NVIDIA pairs Rubin GPUs with groq lpu to cut latency, boost inference by 35x

13 April 2026

NVIDIA’s $20 billion move for the groq lpu has reshaped its AI inference roadmap, from GPU architecture choices to how Vera Rubin will serve real-time workloads at scale.

Summary

Inside NVIDIA’s $20 billion bet on Groq

On Christmas Day 2025, NVIDIA‘s acquisition of Groq was still just a phone call and a handshake. Founder Jonathan Ross — creator of both the LPU and Google’s original TPU — was at home when discussions began. However, three weeks later, $20 billion had changed hands and Ross had become NVIDIA’s Chief Software Architect.

The process started when Groq COO Sunny Madra contacted Jensen Huang after NVIDIA opened NVLink to ecosystem partners, asking if Groq could connect to it. Jensen replied: “Sure, why not?” They tested GPU–LPU workload splitting over Ethernet — no NVLink yet, just a proof of concept. It worked reliably enough that, within days of the demo, formal acquisition talks began.

The speed of the deal reflected an urgent strategic problem. NVIDIA bought a targeted answer to the decode bottleneck every GPU datacenter faces in LLM inference. Moreover, it aligned with NVIDIA’s broader GPU architecture evolution from H100 to Blackwell B200 and then to the Vera Rubin platform.

Why GPUs struggle with LLM token generation

Every LLM inference request has two distinct phases. Prefill is when the model ingests and processes the full input — prompt, context, or document — in parallel. Thousands of tokens, all attention heads firing at once. GPUs excel at this highly parallel workload.

Decode, however, is fundamentally different. The model generates output one token at a time, sequentially. Each new token depends on all previous tokens, so the process cannot be parallelized across the sequence. That said, this sequential nature exposes the architectural mismatch between GPUs and token-by-token generation.

During each decode step, the GPU pulls the entire weight matrix from HBM memory, performs a relatively small matrix multiply, and outputs a single token. The weights do not change between steps, so the same data is loaded repeatedly. Even at 22 TB/s HBM4 bandwidth on a Vera Rubin GPU, memory movement becomes the bottleneck because compute per step is so light.

GPUs are optimized for massive parallelism, not fine-grained sequential execution. Consequently, each token-generation step leaves a large portion of GPU compute underutilized. This is exactly the problem the Groq 3 LPU was designed to solve, by taking over the part of inference that is bound by memory access and latency, not raw FLOPS.

Groq 3 LP30 design and SRAM-first architecture

The LP30 chip, at the heart of Groq 3, is architecturally very different from a GPU. Instead of high-bandwidth HBM sitting beside the die, it integrates 500 MB of on-die SRAM delivering 150 TB/s of bandwidth. A Vera Rubin GPU, by contrast, offers 288 GB of HBM4 at 22 TB/s. The LPU has far less capacity, but its memory access is almost 7x faster.

This design is deliberate. There is no cache hierarchy, no dynamic hardware scheduling and no speculative execution. Instead, the LP30 exposes flat SRAM with physical bank addressing. Moreover, it replaces the GPU’s runtime-driven execution model with compiler-driven static instruction scheduling, where every instruction’s timing is fixed at compile time.
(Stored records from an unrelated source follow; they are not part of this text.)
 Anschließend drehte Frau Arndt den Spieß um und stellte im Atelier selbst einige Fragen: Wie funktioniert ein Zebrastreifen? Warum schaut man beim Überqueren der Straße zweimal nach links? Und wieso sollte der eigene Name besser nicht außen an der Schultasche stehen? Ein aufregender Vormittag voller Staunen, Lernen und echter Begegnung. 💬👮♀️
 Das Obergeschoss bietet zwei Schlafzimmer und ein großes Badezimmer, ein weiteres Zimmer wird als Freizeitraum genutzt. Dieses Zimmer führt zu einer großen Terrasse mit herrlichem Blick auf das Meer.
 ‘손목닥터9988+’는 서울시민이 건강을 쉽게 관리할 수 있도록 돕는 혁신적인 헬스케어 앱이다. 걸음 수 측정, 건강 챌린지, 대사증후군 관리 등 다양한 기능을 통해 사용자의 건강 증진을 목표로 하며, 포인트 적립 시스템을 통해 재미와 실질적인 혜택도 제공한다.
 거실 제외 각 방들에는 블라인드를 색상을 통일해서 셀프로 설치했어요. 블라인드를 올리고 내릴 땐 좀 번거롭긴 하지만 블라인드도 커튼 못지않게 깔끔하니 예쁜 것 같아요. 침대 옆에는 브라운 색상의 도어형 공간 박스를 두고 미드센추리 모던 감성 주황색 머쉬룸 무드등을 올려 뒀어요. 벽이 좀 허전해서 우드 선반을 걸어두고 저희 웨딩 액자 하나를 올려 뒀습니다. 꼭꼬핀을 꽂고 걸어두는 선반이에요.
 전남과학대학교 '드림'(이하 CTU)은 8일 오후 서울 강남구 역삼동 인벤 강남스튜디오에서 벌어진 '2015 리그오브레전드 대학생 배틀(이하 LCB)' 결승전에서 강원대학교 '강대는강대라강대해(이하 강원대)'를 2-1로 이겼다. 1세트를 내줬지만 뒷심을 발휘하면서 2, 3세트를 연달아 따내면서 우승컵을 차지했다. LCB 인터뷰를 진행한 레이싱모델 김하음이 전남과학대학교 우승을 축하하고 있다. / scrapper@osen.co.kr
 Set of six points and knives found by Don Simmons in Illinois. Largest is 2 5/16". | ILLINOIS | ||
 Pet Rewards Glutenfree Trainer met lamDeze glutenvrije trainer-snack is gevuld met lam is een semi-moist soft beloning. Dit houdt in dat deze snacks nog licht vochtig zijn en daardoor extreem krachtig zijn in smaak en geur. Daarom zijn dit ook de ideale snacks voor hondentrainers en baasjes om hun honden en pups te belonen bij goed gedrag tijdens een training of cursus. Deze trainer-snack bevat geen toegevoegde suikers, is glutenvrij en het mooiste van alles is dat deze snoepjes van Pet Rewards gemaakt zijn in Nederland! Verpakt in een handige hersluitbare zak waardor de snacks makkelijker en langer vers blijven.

That deterministic approach eliminates variance in token delivery timing, which is crucial for real-time voice agents and latency-sensitive applications. A GPU generating tokens sequentially experiences unpredictable microsecond-level delays between tokens, driven by memory pressure and scheduler state. The LPU avoids these jitters entirely by construction.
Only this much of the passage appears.